▶ _Assignment_
I would like the lines below, from the one with "10月21日消息,领益智造主" through the one with "This synthetic long", copied exactly and without any pictures.

[Recorded information Boundary: Start]

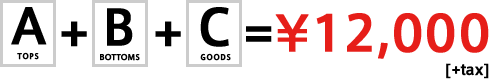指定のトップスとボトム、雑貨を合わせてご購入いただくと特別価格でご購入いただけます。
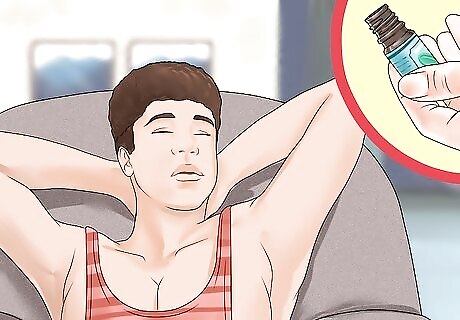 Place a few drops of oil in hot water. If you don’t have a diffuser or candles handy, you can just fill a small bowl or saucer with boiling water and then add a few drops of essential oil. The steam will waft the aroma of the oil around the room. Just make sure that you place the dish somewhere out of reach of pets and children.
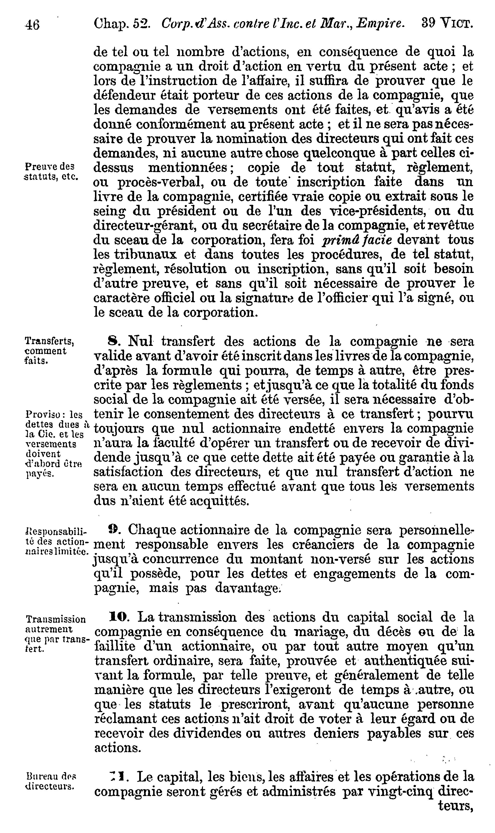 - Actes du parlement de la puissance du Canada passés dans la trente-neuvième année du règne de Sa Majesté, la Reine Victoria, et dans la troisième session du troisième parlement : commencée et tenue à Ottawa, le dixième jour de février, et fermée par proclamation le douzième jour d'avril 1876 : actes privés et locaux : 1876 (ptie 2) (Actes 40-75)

[Recorded information Boundary: End]
[Recorded information Boundary: Start]

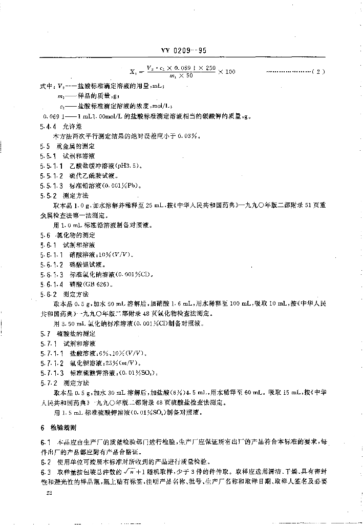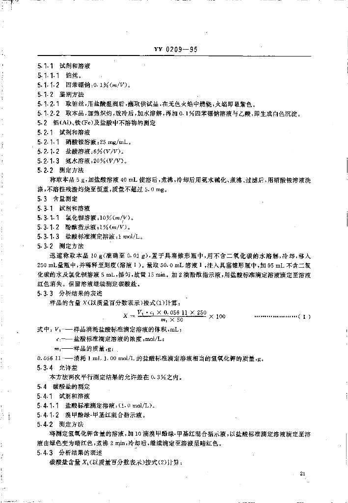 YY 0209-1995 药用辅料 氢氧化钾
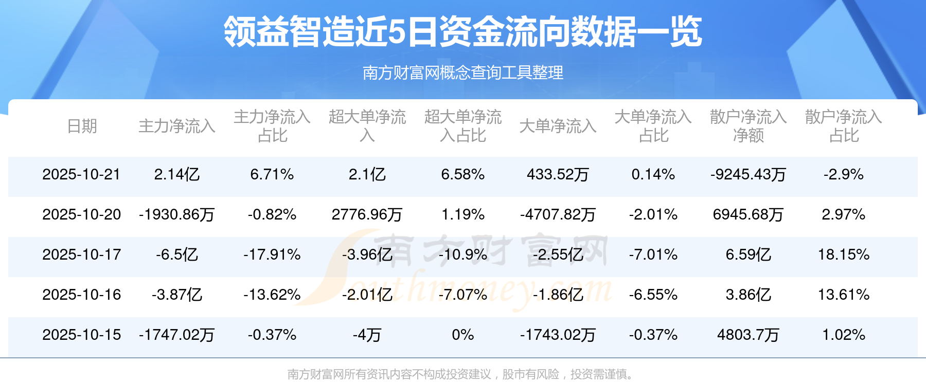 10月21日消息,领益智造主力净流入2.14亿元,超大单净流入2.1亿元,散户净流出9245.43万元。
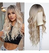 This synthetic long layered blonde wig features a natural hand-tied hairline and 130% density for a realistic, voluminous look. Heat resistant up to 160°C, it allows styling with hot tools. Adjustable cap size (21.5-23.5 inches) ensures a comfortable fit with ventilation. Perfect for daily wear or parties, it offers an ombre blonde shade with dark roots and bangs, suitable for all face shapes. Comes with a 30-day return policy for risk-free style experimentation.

[Recorded information Boundary: End]

▶ _Exercise response_
 10月21日消息,领益智造主力净流入2.14亿元,超大单净流入2.1亿元,散户净流出9245.43万元。
 This synthetic long layered blonde wig features a natural hand-tied hairline and 130% density for a realistic, voluminous look. Heat resistant up to 160°C, it allows styling with hot tools. Adjustable cap size (21.5-23.5 inches) ensures a comfortable fit with ventilation. Perfect for daily wear or parties, it offers an ombre blonde shade with dark roots and bangs, suitable for all face shapes. Comes with a 30-day return policy for risk-free style experimentation.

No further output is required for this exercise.